War Crowds Out Corporate News

Excerpted from Laurence Darmiento’s March 31 story in the Los Angeles Business Journal:

When PacifiCare Health Systems Inc. released an index of physician quality a year ago it was besieged by calls from reporters wanting details.

Earlier this month, the Cypress-based health maintenance organization released what it felt was a similarly important index of hospital quality. It barely caused a ripple.

“This time we got a few bites. Last time we couldn’t stop the phone from ringing,” rues spokesman Tyler Mason.

The difference? The all-consuming conflict in Iraq, which has left little room among both news organizations and the public for the types of business stories that normally are daily fodder.

PacifiCare is not the only company having trouble reaching its audience. Internet postage company Stamps.com saw a major announcement of a partnership with software giant Microsoft Corp. get lost in the blizzard of war news. Jakks Pacific Inc. trumpeted to deaf ears a new video game based on its World Wrestling Entertainment characters. Both companies are rethinking their wartime marketing strategy.

Meanwhile, both PR Newswire and Business Wire, whose lifeblood is a steady stream of new product, company alliance and other business announcements, have seen a decline in volume this month.

“We are letting our clients know (if they put out a release) they are not going to receive the amount of coverage they normally do,” said Lysa Barry, owner of Barry & Associates, a Woodland Hills public relations firm. “It’s hard to get either journalists’ attention or the public’s.”

“There are reporters I deal with at The New York Times who cover business and lifestyle I saw in Iraq on CNN,” said Genna Goldberg, Jakks’ spokeswoman.

Officials with PacifiCare, Stamps.com and Jakks said they would consider holding back any further announcements if it is at all possible, as long the intense coverage and interest in war news remains.

“You don’t want to put out a press release when you are not going to get any press from it,” Stamps.com Chief Executive Ken McBride said.

Exceptions would be Securities and Exchange Commission-mandated filings, such as quarterly earnings announcements that the companies will issue on their regular schedules.

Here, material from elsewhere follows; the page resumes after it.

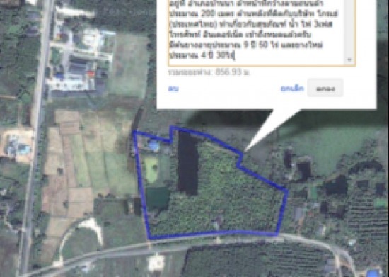ขายที่ดินไร่ยาง 89 ไร่ แบ่งเป็นยาง9ปี ประมาณ 60ไร่ ยาง 4ปี ประมาณ 29ไร่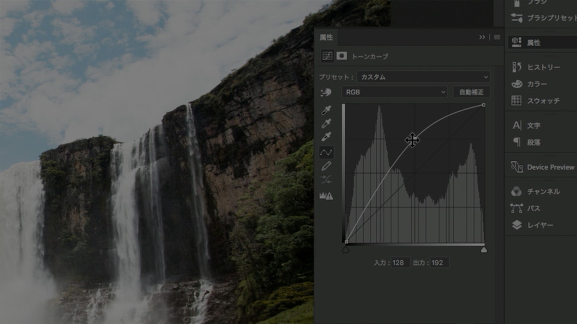 「トーンカーブ」を使用した色補正はよく行われる作業のひとつです。ぜひマスターしてください。

Business Wire, a San Francisco-based press release distribution service, reports that volume is off by 12% in March compared with last year. Competitor PR Newswire reports that it only carried about 500 press releases on March 21, a few days after the war started. On a normal day it might have 700.

“A lot of it is the economy, but business was way down in March,” said Larry Lokey, chief executive of Business Wire. “All bets are off now until the war ends.”

Even then, relief might still be a ways off. Barry figures that while the war’s end will bring back some normalcy, there will be great interest in rebuilding Iraq for a minimum of one to two months afterward. “We will still have post war coverage and that will be intense,” she said.

There is a silver lining, though, for companies that have bad news to report.

Two weeks ago, PacifiCare announced that one of its subsidiaries settled a lawsuit brought by the Texas attorney general regarding its payment practices. The company admitted no wrongdoing but agreed to pay a $1.5 million fine.

The agreement got coverage in Texas but in its home state of California, Mason acknowledged that there was none.